#### Collected material:
- Opening Delimiter -

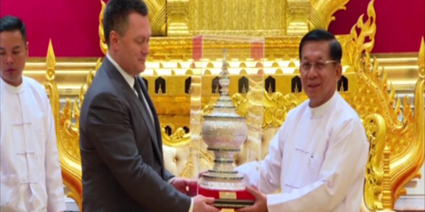 Chairman of the State Administration Council, Prime Minister, Senior General Min Aung Hlaing received the delegation led by Prosecutor General of Russia Mr. Igor Krasnov at the Credentials Hall of the State Administration Council Office in Nay Pyi Taw on 22nd March.
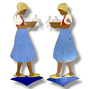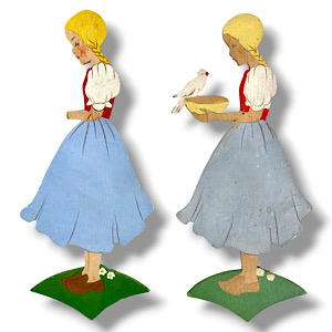 1940er Unbekannt (Mertens-Kopie?): Tanzende Trachtenmädchen aus Betzingen (Schwaben), Sperrholz, 20 cm, Laubsägearbeit [EN] Midcentury Dancing Girls in Tradional Clothes from...
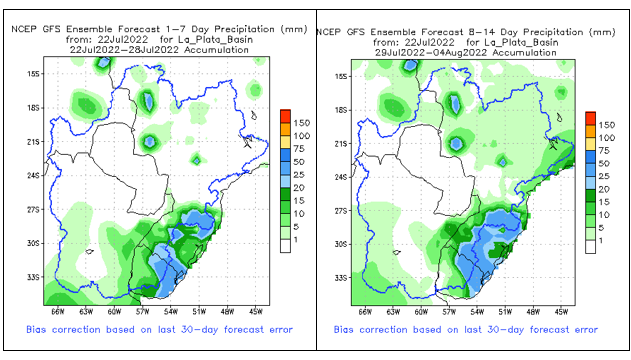 El pronóstico Hidrometeorológico del Centro Climático de referencia indica una tendencia semanal de poca significancia hidrológica en la cuenca de interés para la CHY con dispersión geográfica según sea la fuente consultada. (Ver gráfico Nro. 1).
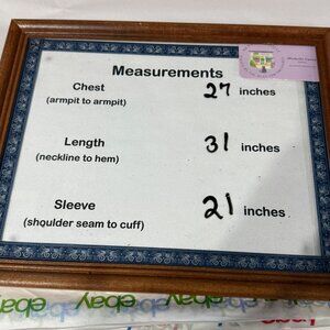 No visible flaws. Measurements: Chest = 27 inches, Length = 31 inches, Sleeve = 21 inches.

- Closing Delimiter -

#### What needs to be done:
Reproduce every line above word for word; no images.

#### Task response:
 Chairman of the State Administration Council, Prime Minister, Senior General Min Aung Hlaing received the delegation led by Prosecutor General of Russia Mr. Igor Krasnov at the Credentials Hall of the State Administration Council Office in Nay Pyi Taw on 22nd March.
 1940er Unbekannt (Mertens-Kopie?): Tanzende Trachtenmädchen aus Betzingen (Schwaben), Sperrholz, 20 cm, Laubsägearbeit [EN] Midcentury Dancing Girls in Tradional Clothes from...
 El pronóstico Hidrometeorológico del Centro Climático de referencia indica una tendencia semanal de poca significancia hidrológica en la cuenca de interés para la CHY con dispersión geográfica según sea la fuente consultada. (Ver gráfico Nro. 1).
 No visible flaws. Measurements: Chest = 27 inches, Length = 31 inches, Sleeve = 21 inches.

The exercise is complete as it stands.